L’ALENA a été initialement négocié et adopté comme loi sous le règne du premier ministre conservateur Brian Mulroney. Si l’ALENA a été présenté à la population comme un accord créateur d’emplois et de richesse, les avantages qu’il était censé procurer aux vaillants travailleurs et travailleuses du Canada n’ont malheureusement jamais été concrétisés. Au contraire, le secteur de la fabrication a perdu des centaines de milliers d’emplois bien rémunérés, les revenus ont stagné et les inégalités se sont accrues de manière considérable.  

Ayant pris effet en 1994, l’ALENA était le premier accord commercial intervenu entre les pays développés où l’on retrouvait des dispositions concernant les relations investisseur-État. Ces dispositions permettent aux investisseurs du continent de poursuivre les gouvernements élus démocratiquement s’ils adoptent des règles, des règlements ou des lois qui portent atteinte à leurs intérêts financiers, et ces investisseurs peuvent le faire sans d’abord recourir aux tribunaux du pays en question. En raison des dispositions concernant les relations investisseur-État que renferme l’ALENA, le Canada est désormais le pays développé le plus poursuivi au monde. Nous avons eu à payer des dommages-intérêts équivalant à plus de 200 millions $ à des sociétés américaines en raison de procès que nous avons perdus à cause de ces dispositions. Depuis 2015, les investisseurs étrangers ont réclamé plus de six milliards de dollars au gouvernement canadien par suite de nouvelles actions en justice.   

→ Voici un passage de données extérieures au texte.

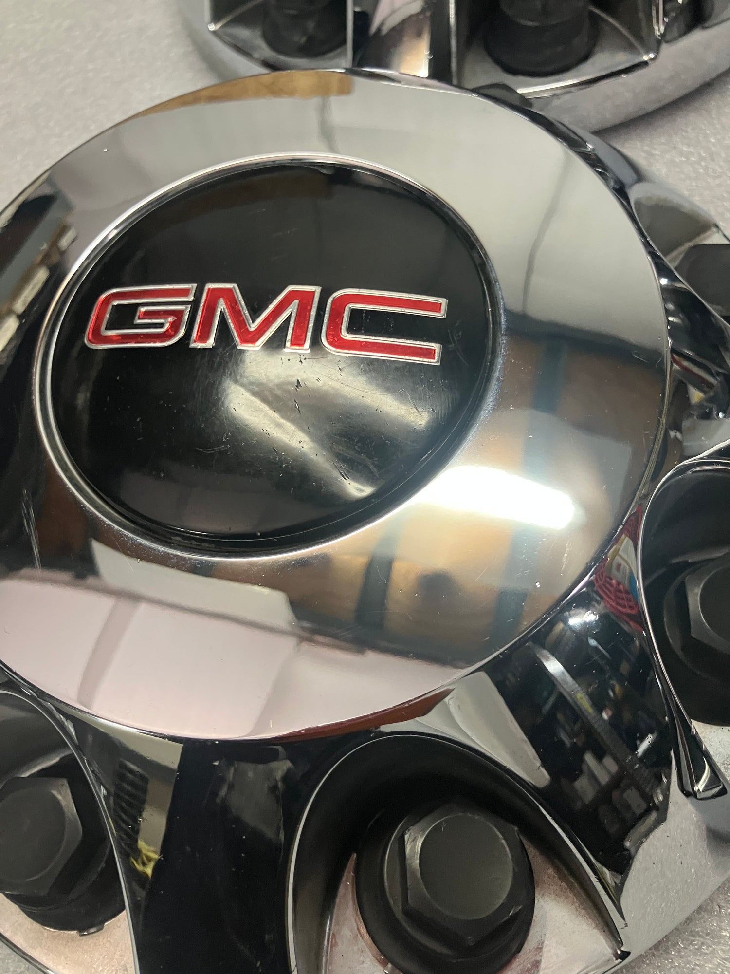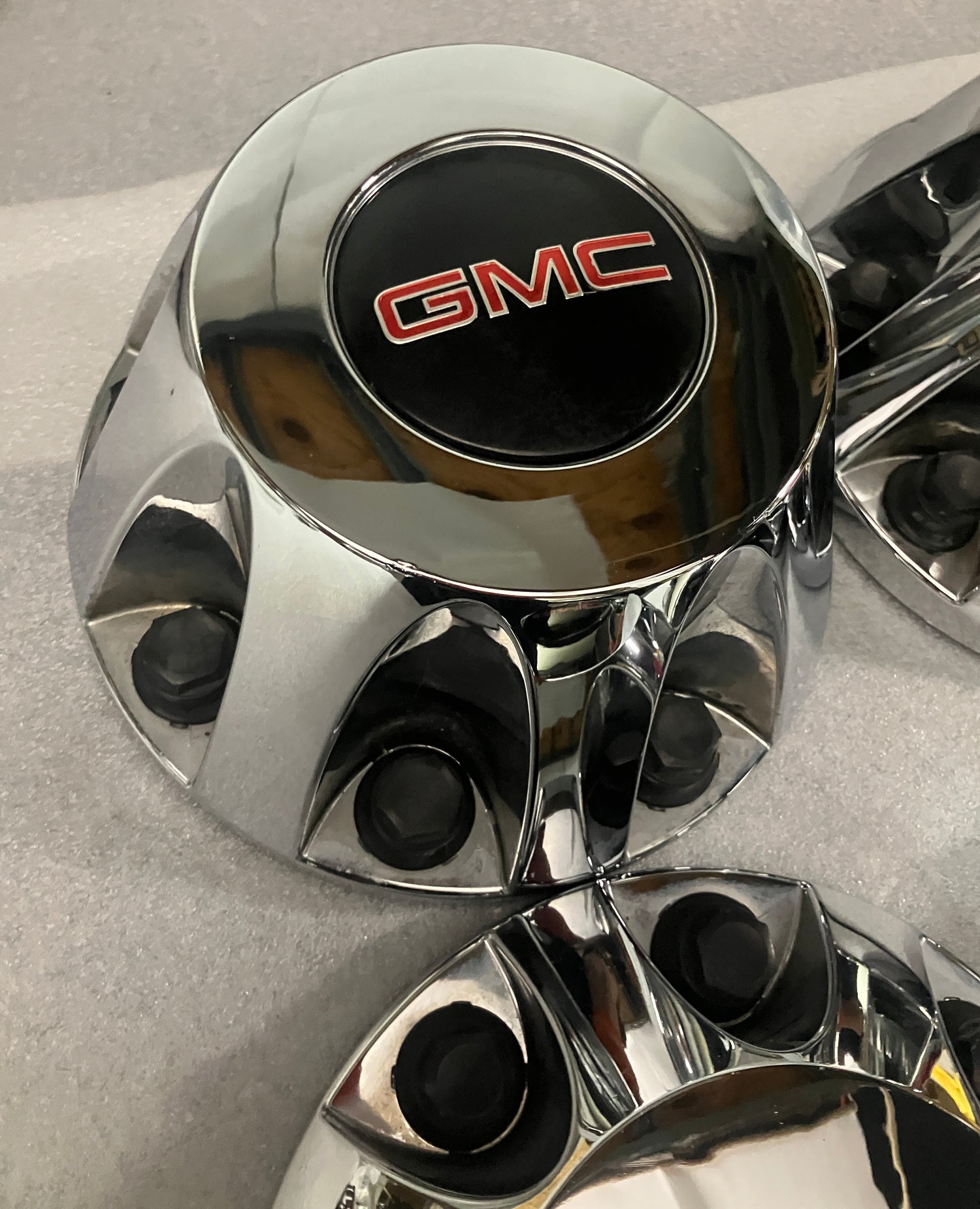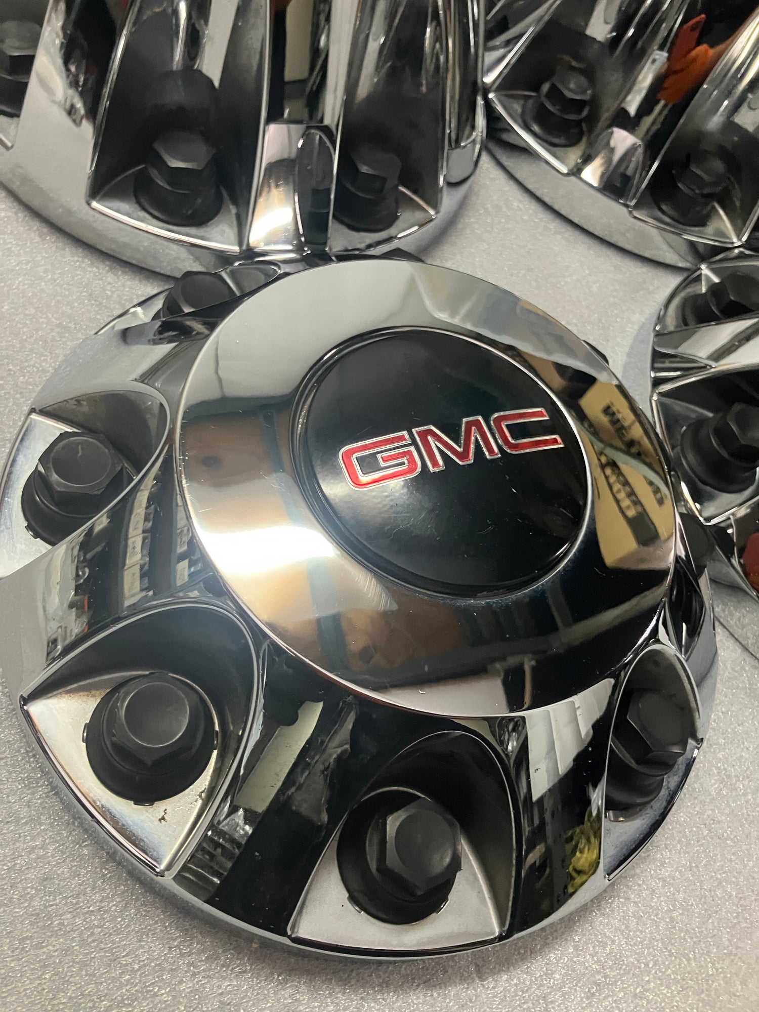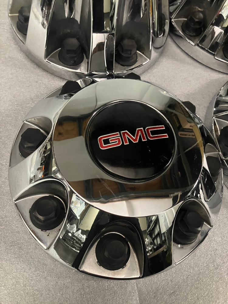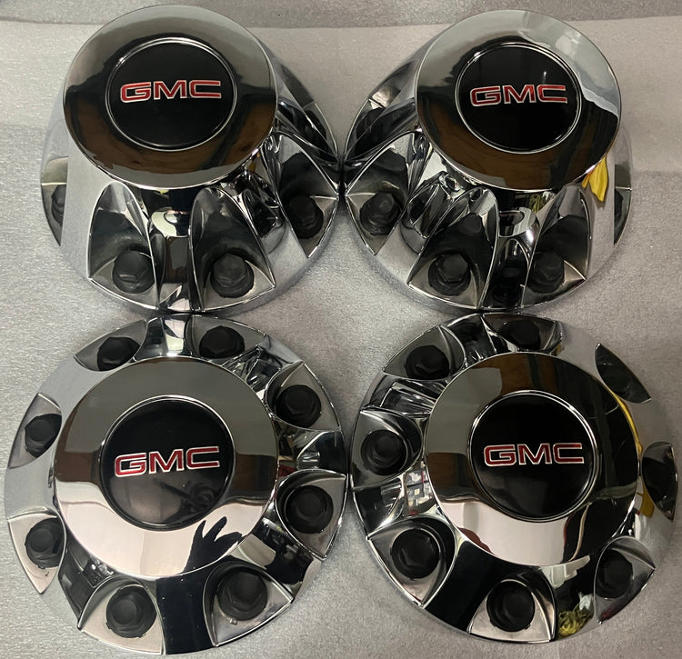 This is a good used, set of 4, OEM GMC center caps. The caps are the chrome finish and have numerous blemishes, please look at the pictures. All the retention nuts are intact and in good condition. GMC part numbers 9597805, and 9597796. These caps are original for GMC Dually trucks from 2011-2023. They will also fit 2024 and 2025 models.
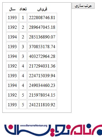 حال زمانی که روی دکمه مرتب سازی کلیک کنیم تابع loadsorted فراخوانی میشود که در این تابع از خصوصیت sort شی json استفاده میکنیم که درون آن تابع دیگری به نام SortMe را فراخوانی میکنیم در تابع SortMe مرتب سازی روی فیلد name که همان سال میباشد انجام میگیرد ادامه تابع loadsorted همانند loadunsortde می باشد برای نمایش اطلاعات مرتب شده یک جول با تگ های html میسازیم سپس یک حلقه روی شی json ی که ساختیم میزنیم و داده های خود را در تگ های td قرار میدهیم:

L’ALENA a été un lamentable échec pour les vaillants travailleurs et travailleuses du Canada. C’est donc une situation fort peu rassurante que le gouvernement de Justin Trudeau décide aujourd’hui de faire appel à Brian Mulroney, l’homme responsable de la participation du Canada à l’ALENA, pour l’aider à renégocier l’accord avec l’administration Trump. Mulroney est actuellement en pourparlers avec Trump, et il communique avec des femmes et des hommes politiques des États-Unis au nom de Trudeau. Les Libéraux suivent la stratégie que propose Mulroney qui consiste à flatter le président américain, et aujourd’hui les député(e)s conservateurs ne tarissent pas d’éloges pour le gouvernement Trudeau lorsqu’il s’agit de Trump et de l’ALENA. Bien que le gouvernement affirme que Mulroney n’est pas rémunéré pour ses démarches, du moins par le gouvernement canadien, il y a malgré tout lieu de s’inquiéter des conflits d’intérêts potentiels. Par exemple, Mulroney siège au conseil d’administration de plusieurs sociétés américaines et canadiennes dont le Blackstone Group, une société d’investissement privée fondée par Stephen Schwartzman, lequel préside le conseil consultatif économique de Trump. 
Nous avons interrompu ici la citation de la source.